Bioassays.

The pathogenicities of S. entomophila, S. proteamaculans, and their derivatives toward the larvae of a range of the species belonging to the family Scarabaeidae, specifically the New Zealand grass grub (C. giveni), the manuka beetle (P. festiva and P. setosa), the African black beetle (Heteronychus arator), the redheaded cockchafer (Adoryphorus couloni), the Tasmanian grass grub (Acrossidius tasmaniae), and the chafer beetle (Odontria sp.), were bioassayed as follows. Healthy third-instar larvae were individually fed carrot cubes (∼3 mm³ for grass grub larvae and ∼2 mm³ for manuka beetle larvae) that had been rolled in a lawn of bacterial colonies grown overnight on LB agar, resulting in approximately 10⁷ CFU/carrot cube. Twelve larvae were used for each treatment. Larvae were fed treated carrot on day 1 and were transferred to fresh trays containing untreated carrot on days 3 and 6. The occurrence of disease symptoms, including a change in coloration from amber through to brown/black and feeding activity, was monitored on days 3, 6, and 12. S. entomophila strain A1MO2 and, when required, S. proteamaculans strain AGR96X were used in all bioassays as positive controls, with negative-control larvae being fed untreated carrot.
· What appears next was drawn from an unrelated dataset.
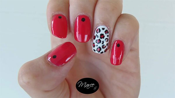 Ahora debes aplicar un punto negro en el centro de las uñas hacia la cutícula en las que tienen esmalte en tonos fucsias y luego debes pasar a trabajar en las uñas de base blanca. Debes añadir puntos de color rojo con ayuda de un puntero y delinea sobre ellos los bordes en dos secciones con ayuda del esmalte negro para similar la piel de un leopardo, y al terminar deja que seque y cubre con un esmalte top coat.

To satisfy Koch's postulates for AGR96X, bacteria isolated from diseased larvae were reisolated and bioassayed against healthy larvae to confirm their pathogenicity, and the process was repeated. Dose-response bioassays against C. giveni larvae were performed by pipetting 5-μl aliquots of serial dilutions (corresponding to 1 × 10¹ to 1 × 10⁶ CFU) of AGR96X onto the surfaces of carrot cubes (3 mm³). Bioassays were then undertaken as outlined above, except that larvae were transferred to new trays containing freshly cut carrot cubes after 24 h. Negative controls were treated with 5 μl of LB broth. For the assessment of mitomycin C-induced Afp and AfpX samples, 5-μl aliquots of filter-sterilized semipurified samples were pipetted onto the surfaces of carrot cubes (3 mm³) and bioassayed as outlined above. Three independent bioassays were conducted for each treatment. Because of the accessibility, vigor, and consistent feeding activity of C. giveni larvae, this species was used in preference to manuka beetle larvae for assessments of the pathobiology of AGR96X.